Dataset entries
———

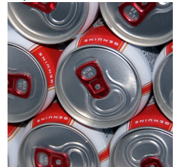
Beer 6-pack cans
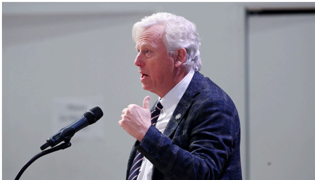
Former Mayor of Toronto David Miller delivers his keynote speech at CART showcase, Feb. 9, 2024.
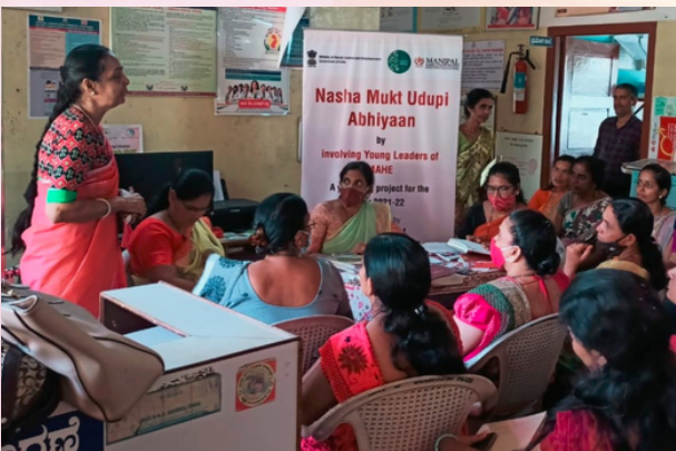
(Above) Addressing the Anganawadi Workers at Moodbettu on April 26, 2022
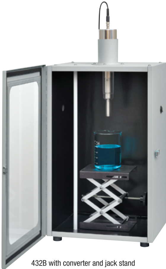
432B with converter and jack stand (Jack stand sold separately.)
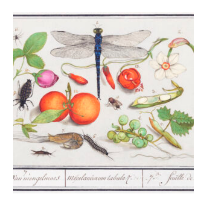
Drawing source material: Wild flowers
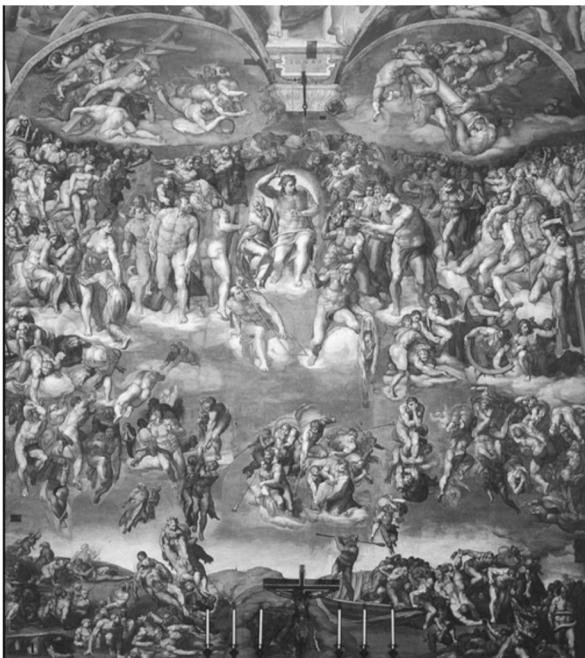
Michelangelo's Last Judgement (Sistine Chapel)

This last Sunday after Pentecost ends our annual liturgical journey through the spiritual history of the world which begins anew each year with the First Sunday of Advent.
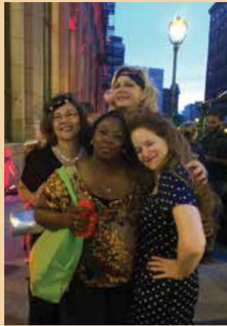
CityCenter's Celebration of the Century honored women by supporting CCI's mission.
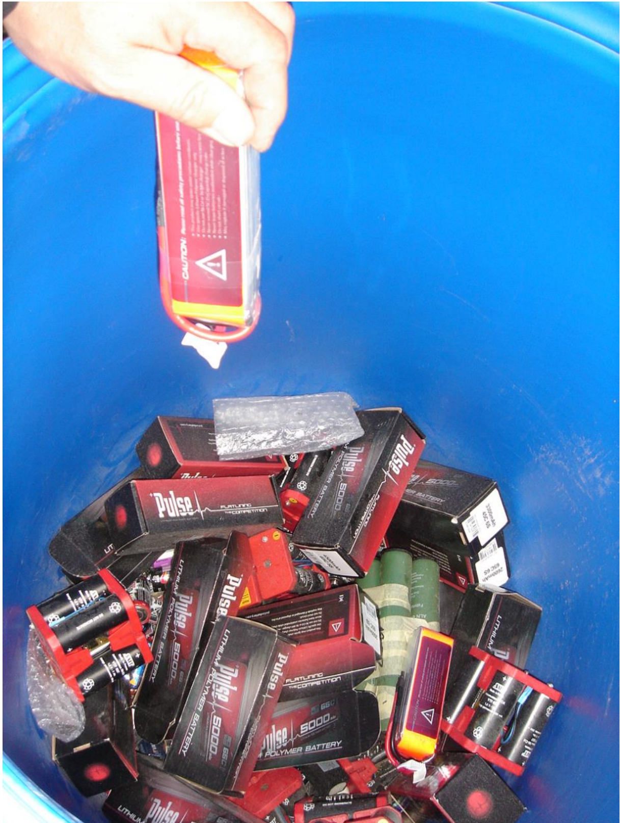
Foto 7: Immer häufiger finden sich Batteriepakete aus RC-Spielzeugen mit grossen Energiespeicherkapazitäten separiert in den Inobat Sammelfässern. Diese gelangen von Abgebern so zu den Sammelstellen oder werden in Zerlegebetrieben so entfrachtet und gesammelt.

Foto 6: Immer häufiger finden sich RC-Spielzeuge mit grossen Energiespeicherkapazitäten im Schüttgut. Interessanterweise scheinen diese Abgeber sensibilisiert zu sein, denn in den allermeisten Fällen sind die Batteriepakete bereits entfernt.
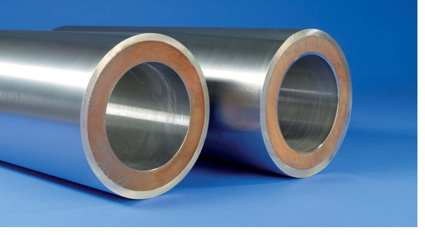
Composite casting rollers: 2 materials - 1 component
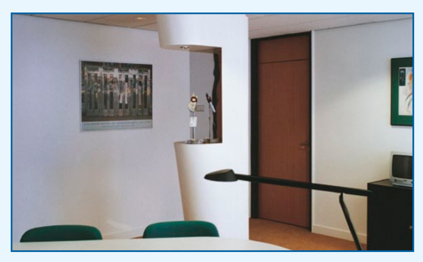
FAAY partitions applied in management office; high insulation value.

insulation on the inside of a building, Faay has the W'all-in-One retention wall (PG50, PG60, PG70, PG90 and the self-supporting variant) available to improve the thermal insulation on the inside of a building.
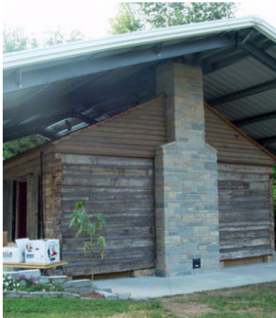
Reconstruction of the Second Old Bethel Church, Cape Girardeau County
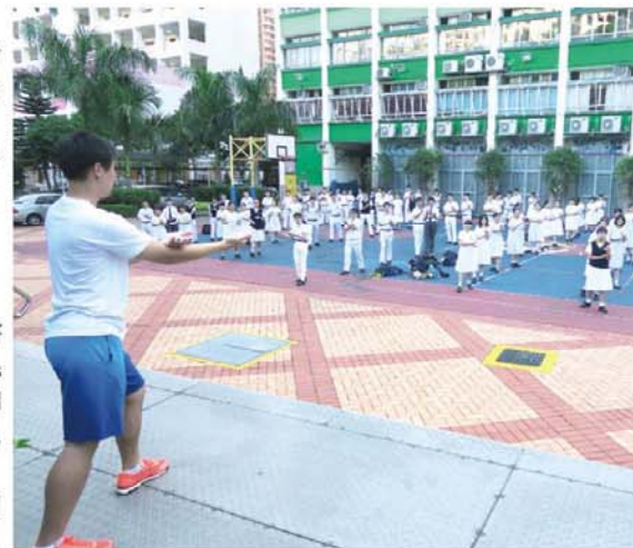
Tai Chi Practice 強身健體太極操

與香港科技大學理學院進行伙伴協作，舉辦不同活動及課程，加強學生在STEM (Science科學、Technology科技、Engineering工程及Mathematics數學) 教育方面的知識及應用。
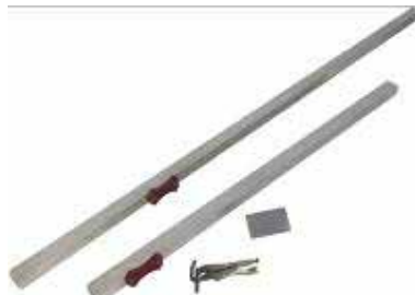
Test Bars & Tools
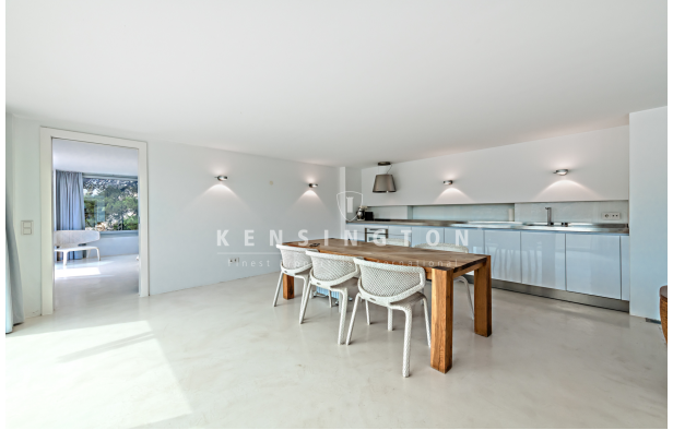
Apartment in Pt Andratx Mallorca - kitchen/dining
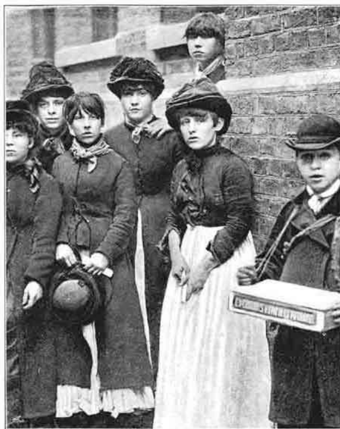
MEMBERS OF THE MATCHMAKERS' UNION.

of, H.P. Blavatsky. Ever more and more had been growing on me the feeling that something more than I had was needed for the cure of social ills. The Socialist position sufficed on the economic side, but where to gain the inspiration, the motive, which should lead to the realisation of the Brotherhood of Man? Our efforts to really organise bands of unselfish workers had failed. Much indeed had been done, but there was not a real movement of self-sacrificing devotion, in which men worked for Love's sake only, and asked but to give, not to take. Where was the material for the nobler Social Order, where the hewn stones for the building of the Temple of Man? A great despair would oppress me as I sought for such a movement and found it not.
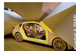
Kvadrat & BMW
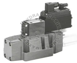
Rexroth Hydraulic Proportional Directional Valve
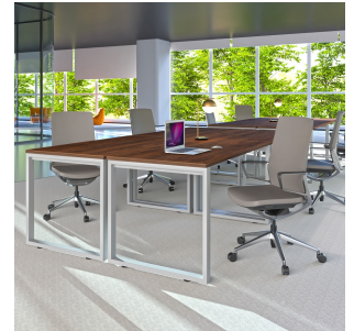
Fusion Office Scene Walnut Top Silver Base
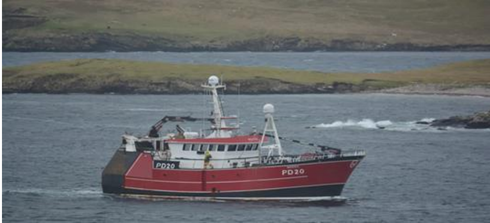
Figure 2: Westro – Photo of the vessel

———

* What is required *
The images in the entries above should be left out; please reproduce exactly the lines from the first through the one containing "Michelangelo's Last Judgement".

* Result for this task *
Beer 6-pack cans
Former Mayor of Toronto David Miller delivers his keynote speech at CART showcase, Feb. 9, 2024.
(Above) Addressing the Anganawadi Workers at Moodbettu on April 26, 2022
432B with converter and jack stand (Jack stand sold separately.)
Drawing source material: Wild flowers
Michelangelo's Last Judgement (Sistine Chapel)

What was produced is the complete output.